Mi tía Pepa era una mujer que al final de sus días se volvió beata. Pepita como le decían tenía amigos y amigas que la querían mucho, sin embargo no fue santo de mi devoción. Me resultaba cargante. Y su posterior ñoñez resultaba horrenda para mi modo de pensar amén de una hipocresía enorme. No obstante tengo que sonreír ante una confesión auténtica que hizo y a lo que el cura le respondió como ahora vereis.

Pues ella va a confesar y se acusa de gula. El cura le pregunta el porqué, a lo que ella responde que porque se había zampado dos platos de lentejas qué qué.
El hombre le dice, Pepita, hija, eso no es gula.
Pues qué sino es padre.
Hambre, hija, hambre.

No me lo invento. No se inventar cosas. Puedo transformarlas pero no inventar como decía el hijo de Thomas Mann. ¿O era el hermano? No no, era el hijo. Creo...

Empieza el crepúsculo. Rojo claro y amarillo. En el horizonte hileras de nubes. Las montañas de África se perfilan lenes, casi insinuantes. No como ayer espléndidas, definidas ,exigentes en su perfecta definición.

Una nube parece la cabeza de un ratón supersónico. Al segundo la cabeza del ratón se desprende y de una extraña cola que le seguía surge la cabeza de un dragón. Si seguimos mirando asoma un pavo sin patas y con su moco colgando. Detrás una serie de arabescos y tras ellos una hormiga gigantesca. Ahora un pelicano emprende el vuelo, de su pico gordo y robusto cuelga un gusano retorcido y tridimensional. El pelicano pierde el pico y so sustituye el enorme gusano.

Un colibrí se sube a una mujer destetada y culona. Como algunos tiburones llevan esos pecesillos adheridos. O son las ballenas.

No estoy para murgas. Se acabó el mirar para el cielo. No puedo describir lo que veo. La transformación se sucede con tal celeridad que no me da tiempo a nada. El cielo siempre me deja atónita.
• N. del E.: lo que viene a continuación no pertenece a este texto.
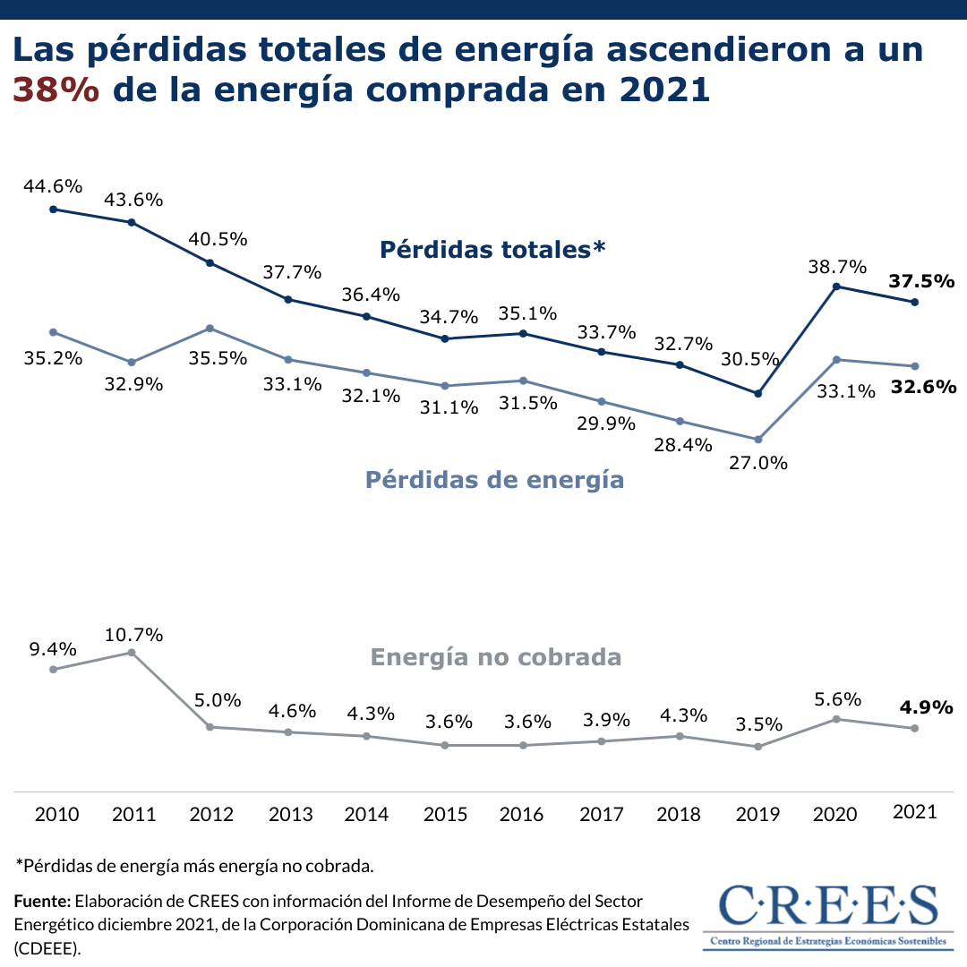 En el año 2021 las pérdidas de energía de empresas distribuidoras de electricidad (EDE) ascendieron a 5,416.2 GWh. Esto, con relación a la compra de energía de este año de 16,602.3 GWh, representan unas pérdidas de 33.6%. Si a estas pérdidas se le suma el promedio de energía no cobrada en 2021, que fue de 4.9%, se estima que las pérdidas totales de energía eléctrica ascendieron a un 37.5% de la energía comprada en 2021; una reducción de 1.2 puntos porcentuales con respecto al porcentaje de 2020 y un aumento 7.0 puntos porcentuales con respecto al de 2019.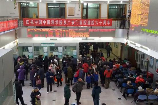 A photo shows the lines of patients waiting to book an appointment at Guang'anmen Hospital in Beijing on Januarary 27, 2016. [Photo: news.haiwainet.cn]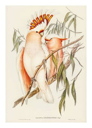 Litografisk plakat af kakaduer. På plakaten ses et litografi af to kakaduer i smukke pinke farver, omkring træer og planter. Plakaten vil fungere fint i sammensætning med en af vores andre fotoportrætplakater eller andre fotoplakater af dyremotiver.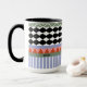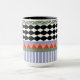 ☕ Enjoy a cozy moment with this personalized geometric abstract name mug. 🌿 Features sage green and white bands and lilac white stripes and triangles, accented with black and white wavy patterns and subtle vertical stripes for a charming, balanced look.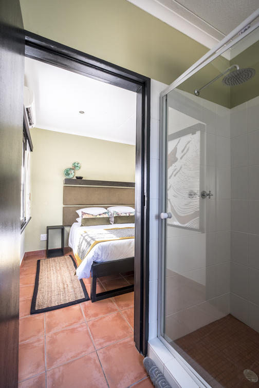 The rooms are situated at the foot of the fossilised dunes overlooking grassy savanah's or the base of the dunes. This family room has 4 beds in it, en suite bathroom (shower), air-conditioners and a veranda.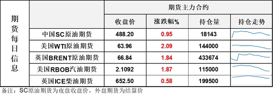【1】WTI主力原油期貨收漲1.31美元,漲幅2.09%,報63.96美元/桶;布倫特主力原油期貨收漲1.21美元,漲幅1.84%,報66.84美元/桶;INE原油期貨收漲0.95%,報488.2元。
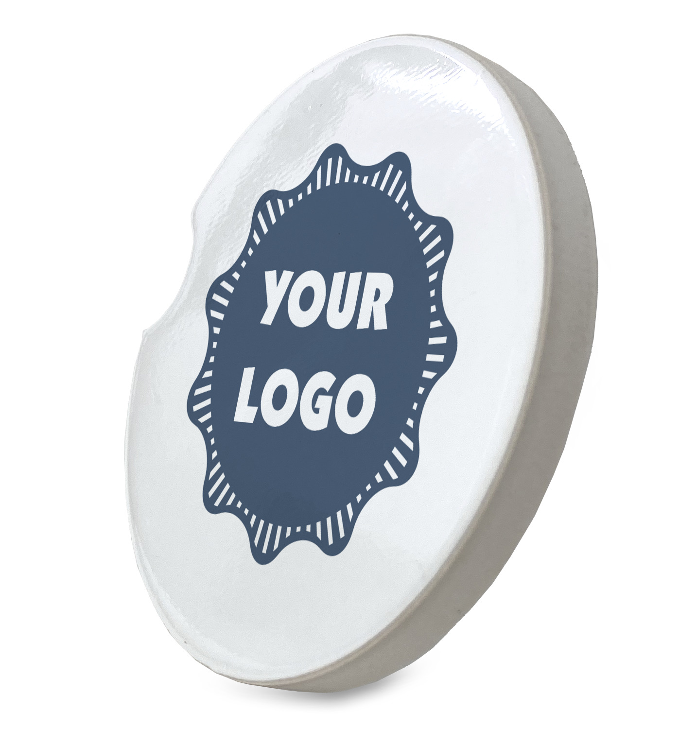 These sandstone coasters are round, robust, and feature a smoothed glossy side to exhibit your customized design. With a 2.5 inch diameter, these stone coasters will fit snugly inside most cup holders. This model also features a semi-circle shaped divot that allows for easy removal, despite the tight fit. You can purchase these car cup holder coasters in a pair, or singularly, depending on your needs.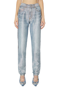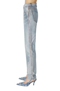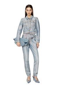 PRODUCT ID: A0361209E47 - 70%Cotton 20%Viscose-Rayon 10%Polyester - Straight - Slim - High waist - Medium treated - Non-Stretch - Medium blue - Zip fly Model is wearing a size 26 and is 175 cm / 5'7'' Fits true to size, take your normal size. Slim style with a high waist and straight leg. Nodding to '90s silhouettes, this jean channels an original Denim attitude and is finished with a zip fly. Crafted from fix denim that is entirely made in Italy, this medium blue wash features a silver lurex jacquard weave that confers a subtle metallic touch. The fabric is used inside out, and finished with lasered and handmade abrasions.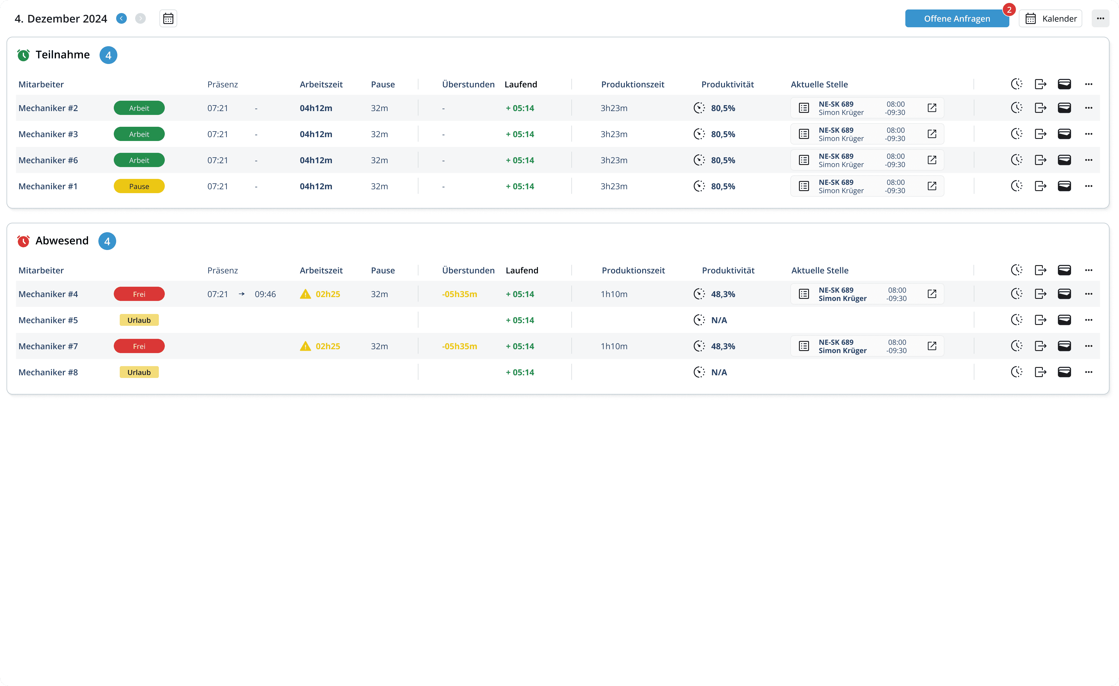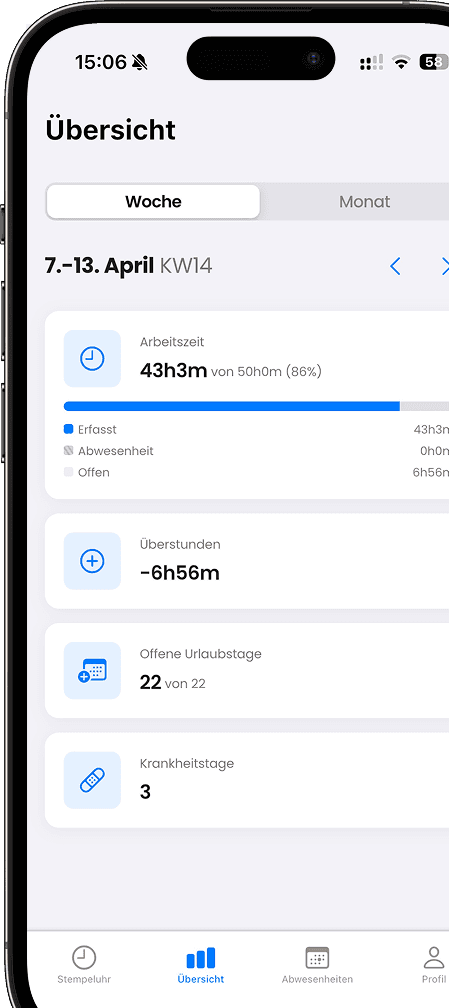 Die integrierte Zeiterfassung der Zeitmechanik sorgt dafür, dass deine Mitarbeiter ohne Systemwechsel ihre Arbeitszeit erfassen können. Kein Anstehen am Terminal, keine separaten Login-Daten für fünf verschiedene Systeme - einfach alles in einem System.
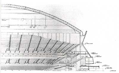 Nói theo cách đơn giản, 96 cột thép kết cấu xếp thành 4 hàng, đỡ 1 vòng chịu kéo tựa lên các gối tựa đầu (có thể xoay nhưng không thể di động trên phương ngang) 10cm. Những gối tựa này tạo cho vòng (cũng là mái) sự di chuyển linh động khoảng 8cm theo một hướng bất kỳ, để bù lại sự giãn nở hay co lại khi nhiệt độ thay đổi, đảm bảo tính nguyên vẹn của công trình. Đối với giằng tăng cứng ở cánh tường, khung có các gối đỡ chữ "K" kéo dài ra phía ngoài từ bên dưới đường kính gần 0,8km của vòng.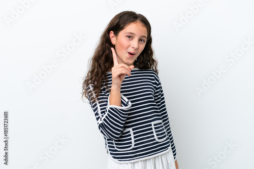 Fototapeta premium Little caucasian girl isolated on white background intending to realizes the solution while lifting a finger up
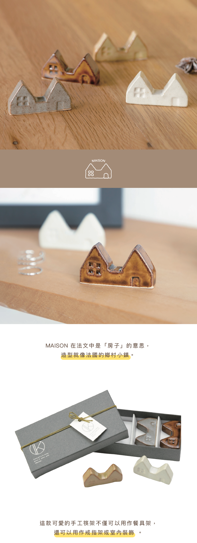 MAISON,在法文中是「房子」的意思, 這款可愛的手工層架,不僅可以用作餐具架,還可以用作戒指架或室內裝飾 。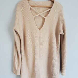 the oversized sweater dress features a criss cross front on a deep V neckline, and extra long sleeves for a chic slouchy fit. Measurements laying flat are approximately bust 22” and length 32”. 100% acrylic.rn once. Cozy and warm and perfect with black tights and boots. Color is a nud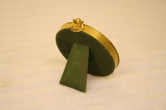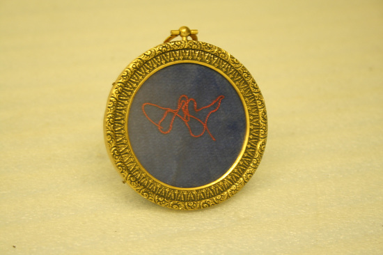 Red silk thread framed in round gilt brass frame with blue velvet background. The thread was taken from the sash worn by Gen. de Lafayette at the Battle of Brandywine

Quién inventó la tristeza. Quién habló de tristeza. Merece unos buenos azotes.

lunes, 15 de diciembre de 2008

Dicen que...

en Suecia, el país más socialmente avanzado de Europa, es donde más suicidios se cometen.
Me pregunto si el clima influye en esas muertes voluntarias. Lo cierto es que la alegría parece proceder del sol. Cuando este luce nuestro ánimo se transforma, nuestro cuerpo también.

Si es o no cierto lo desconozco, pero si pienso en los desfavorecidos me inclino por el calor, porque el frío en sus circunstancias los hace más frágiles si cabe.

No nos extrañamos de que los indigentes mueran de frío en las calles. Estamos acostumbrados a verlo en televisión.

Yo no se a vosotros, pero a mi me da la sensación de que no les importan a nadie. Ya, incluso hay gente capaz de divertirse asesinandolos. Para esos, no se si denominarlos seres humanos, no significan nada.

Precisamente, en este, especialmente frío invierno-si bien en el calendario aún es otoño-son los que más sufren el rigor de la temperatura. Justo en los días más festivos morirán abandonados a su suerte en cualquier calle de cualquier ciudad. Que cruel puede llegar a ser la vida. Entretanto otros dilapidan fortunas haciendo caso omiso del desamparo de esas personas que, quién sabe lo que los echó a esa vida.

Personalmente conocí a un señor con el que algunos se divertían tirándole restos de pizza donde más sucio estaba para que él los recogiese. Indagué en las cercanías y pude saber que aquel señor había sido un afamado cirujano.

Creo que da para pensar, ya sea por un momento para agradecer lo que tenemos.

Feliz día empero.

domingo, 14 de diciembre de 2008

pensando en maria

Qué lejos estoy del suelo donde he nacido....
Tú, amada lunatikk, elegiste un lejano país para aposentarte. Nada más ni nada menos que al otro lado del gran charco. Te fuiste a la pampa verdadera: a Argentina.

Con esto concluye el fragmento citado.